**Exercise data**.
○ ○ ○ ○ ○
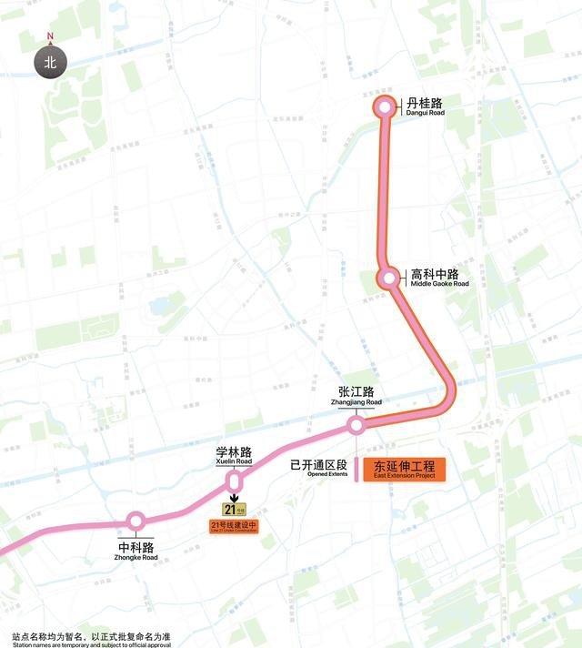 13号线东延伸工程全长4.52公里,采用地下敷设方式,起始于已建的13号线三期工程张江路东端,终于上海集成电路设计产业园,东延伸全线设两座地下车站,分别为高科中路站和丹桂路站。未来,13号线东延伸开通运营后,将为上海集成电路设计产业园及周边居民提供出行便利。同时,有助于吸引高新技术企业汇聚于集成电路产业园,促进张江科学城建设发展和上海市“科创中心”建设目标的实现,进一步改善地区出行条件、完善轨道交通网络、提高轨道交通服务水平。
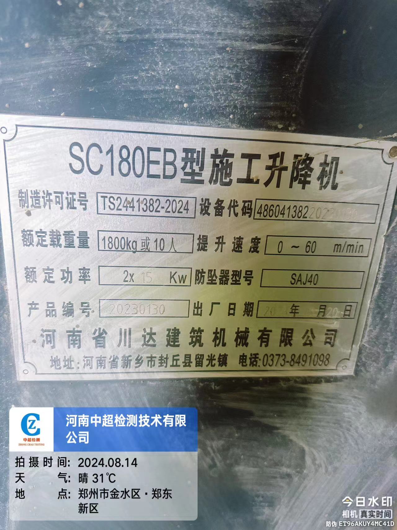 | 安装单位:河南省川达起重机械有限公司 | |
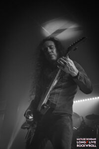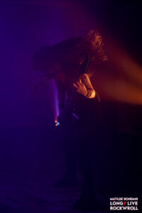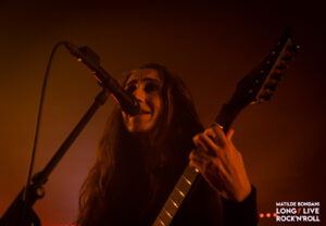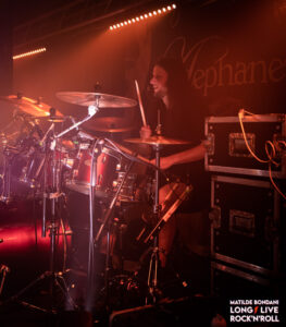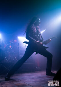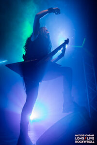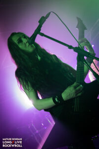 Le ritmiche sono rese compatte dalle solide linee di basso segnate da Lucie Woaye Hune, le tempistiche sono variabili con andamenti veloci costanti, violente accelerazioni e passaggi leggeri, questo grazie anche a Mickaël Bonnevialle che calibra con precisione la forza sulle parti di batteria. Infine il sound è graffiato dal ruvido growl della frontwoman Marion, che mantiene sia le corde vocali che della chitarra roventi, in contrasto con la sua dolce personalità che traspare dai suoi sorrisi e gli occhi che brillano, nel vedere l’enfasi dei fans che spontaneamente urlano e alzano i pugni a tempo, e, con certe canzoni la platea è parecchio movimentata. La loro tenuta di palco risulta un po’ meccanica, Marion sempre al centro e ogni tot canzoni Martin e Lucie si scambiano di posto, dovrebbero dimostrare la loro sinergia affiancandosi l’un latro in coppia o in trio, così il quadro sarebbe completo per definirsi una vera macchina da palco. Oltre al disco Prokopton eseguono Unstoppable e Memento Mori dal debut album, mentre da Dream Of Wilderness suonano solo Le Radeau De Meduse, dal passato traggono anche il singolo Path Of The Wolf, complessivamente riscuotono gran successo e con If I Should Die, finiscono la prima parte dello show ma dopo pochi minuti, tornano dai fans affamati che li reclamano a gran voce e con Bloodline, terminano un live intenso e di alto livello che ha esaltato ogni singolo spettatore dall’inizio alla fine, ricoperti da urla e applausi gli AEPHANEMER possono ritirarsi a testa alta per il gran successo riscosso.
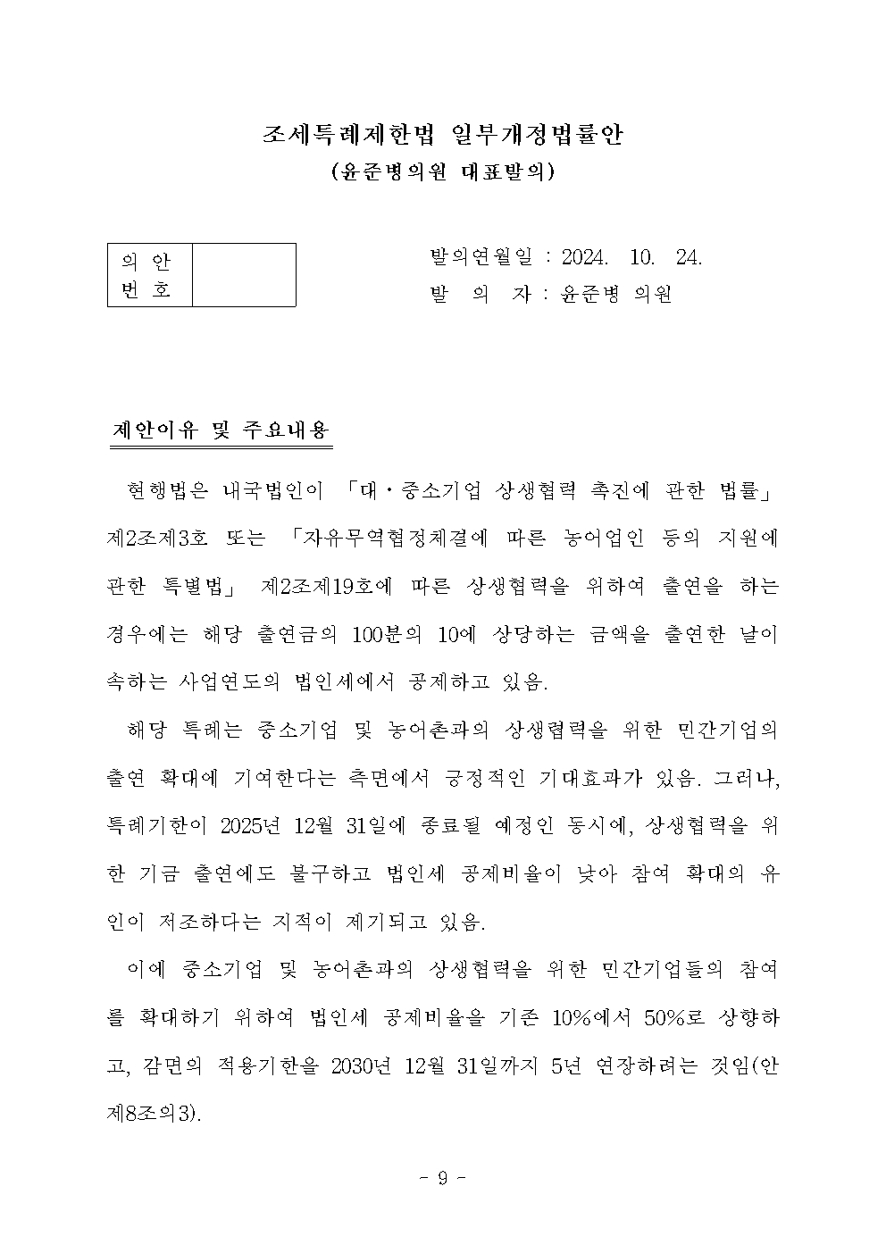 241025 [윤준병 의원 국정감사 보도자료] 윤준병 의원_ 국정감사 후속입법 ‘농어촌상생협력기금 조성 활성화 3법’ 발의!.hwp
○ ○ ○ ○ ○
**Work request**.
Restate word for word the lines beginning with the one that contains "Le ritmiche sono" and ending with the last line of the listing; pictures stay out.

**The answer**.
 Le ritmiche sono rese compatte dalle solide linee di basso segnate da Lucie Woaye Hune, le tempistiche sono variabili con andamenti veloci costanti, violente accelerazioni e passaggi leggeri, questo grazie anche a Mickaël Bonnevialle che calibra con precisione la forza sulle parti di batteria. Infine il sound è graffiato dal ruvido growl della frontwoman Marion, che mantiene sia le corde vocali che della chitarra roventi, in contrasto con la sua dolce personalità che traspare dai suoi sorrisi e gli occhi che brillano, nel vedere l’enfasi dei fans che spontaneamente urlano e alzano i pugni a tempo, e, con certe canzoni la platea è parecchio movimentata. La loro tenuta di palco risulta un po’ meccanica, Marion sempre al centro e ogni tot canzoni Martin e Lucie si scambiano di posto, dovrebbero dimostrare la loro sinergia affiancandosi l’un latro in coppia o in trio, così il quadro sarebbe completo per definirsi una vera macchina da palco. Oltre al disco Prokopton eseguono Unstoppable e Memento Mori dal debut album, mentre da Dream Of Wilderness suonano solo Le Radeau De Meduse, dal passato traggono anche il singolo Path Of The Wolf, complessivamente riscuotono gran successo e con If I Should Die, finiscono la prima parte dello show ma dopo pochi minuti, tornano dai fans affamati che li reclamano a gran voce e con Bloodline, terminano un live intenso e di alto livello che ha esaltato ogni singolo spettatore dall’inizio alla fine, ricoperti da urla e applausi gli AEPHANEMER possono ritirarsi a testa alta per il gran successo riscosso.
 241025 [윤준병 의원 국정감사 보도자료] 윤준병 의원_ 국정감사 후속입법 ‘농어촌상생협력기금 조성 활성화 3법’ 발의!.hwp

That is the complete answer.